This experience is emphasized even more if you work in a language with a REPL, like Clojure. The only value of tests, at that point, are to protect against regressions. The testing process with a REPL happens faster and more organically than writing unit tests, but it's less structured and harder to formalize. It's like comparing a structured debate to a conversation.
What someone needs to do (and I'll do eventually) is implement a REPL enhancement that allows "test capture". Namely, if you have recently evaluated one or more expressions, execute a "capture" command that extracts the working environment (locals, globals), the previous statements you've run, and their evaluated results, and outputs one or more unit tests. For example, a session with clojure might look like this:
> (def x 1)
> (def y 2)
> (+ x y)
3
> capture!
-- Saved capture001.clj
(1 test passed, 0 tests failed.)
Where capture.clj contains a test similiar to:
(def x 1)
(def y 2)
(def expected-result 3)
(assert-equal (+ x y) expected-result)
Fuzzy, and I apologize as I don't know the clojure unit testing syntax, but you get the idea. Of course, this is a baseline case, you'd need more functionality such as allowing the user to specify which parts of the environment to capture, and what results to assert, but these should fall out naturally as the tool is dogfooded.

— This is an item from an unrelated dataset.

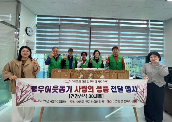 ºÎ»ê±¤¿ª½Ã ¼ö¿µ±¸ ¼ö¿µµ¿ ÇàÁ¤º¹Áö¼¾ÅÍ(µ¿Àå °µÎ¸®)´Â Áö³ 10ÀÏ ¹Î°£»çȸ¾ÈÀü¸Á(À§¿øÀå ¾çÁ¾±Ç)¿¡¼ °ü³» Àú¼Òµæ Ȧ·Î ¾î¸£½ÅµéÀ» À§ÇØ ¿µ¾ç °¡µæÇÑ ¼±½Ä 30¼¼Æ®(ȯ°¡¾× 60¸¸ ¿ø »ó´ç)¸¦ Áö¿øÇÏ¿´´Ù°í ¹àÇû´Ù.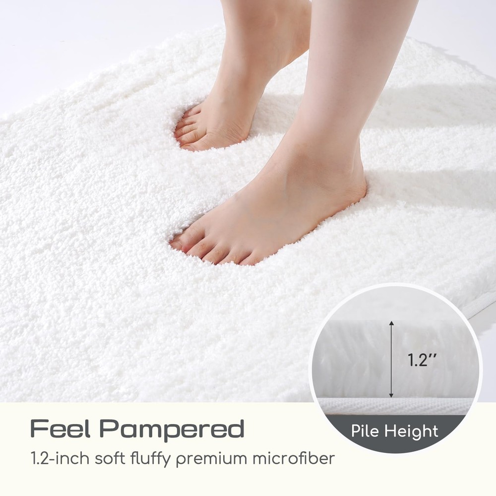 1 1.2-Inch Fluffy Microfiber - Experience unmatched softness and comfort with our bath mat made of 1.2-inch ultra soft microfiber. Thicker than other bath mats in the market, our tufted bath mat features the coziest, softest microfiber you have ever seen. Soft & Comfortable - Indulge in unparalleled comfort with our luxurious bathroom rugs. Made from high-pile microfiber, it envelops your feet in soothing softness, providing a heavenly experience after every bath. No more stepping onto hard, cold floors—our bath rug pampers you with its plush and cozy feel. Ultra Absorbent & Quick Dry - Experience exceptional water absorption with our premium bath rugs. The thick microfiber efficiently wicks away moisture, leaving your feet dry and comfortable in a matter of seconds. Enjoy the convenience of a fast-drying bath rug that enhances your daily routine. Non-slip Backing - Safety is paramount, especially in the bathroom. Our tufted bathroom mat features a TPR anti-slip backing that ensures stability and prevents slips and falls. It provides secure footing, giving you peace of mind for your family's safety. Easycare & Built to Last - Made from top-quality microfiber and crafted with the utmost care, our bath mats for bathroom are built to last and provide unbeatable comfort and durability, even after repeated washing. Maintenance is a breeze with our bath mat, simply machine wash on gently in cold water, then tumble dry low.

In fact, this the key reason that you need to have automated tests. I don't know anyone that commits a new feature without trying it -- be it (conveniently) at a REPL or via some other UI. But the manual "trying it out" method, REPL or otherwise, has always suffered from the fact that it cannot be easily repeated, so old features eventually get broken, and nobody notices. This is why I automate my tests, because their value over time exceeds the extra cost to write them vs. trying it out.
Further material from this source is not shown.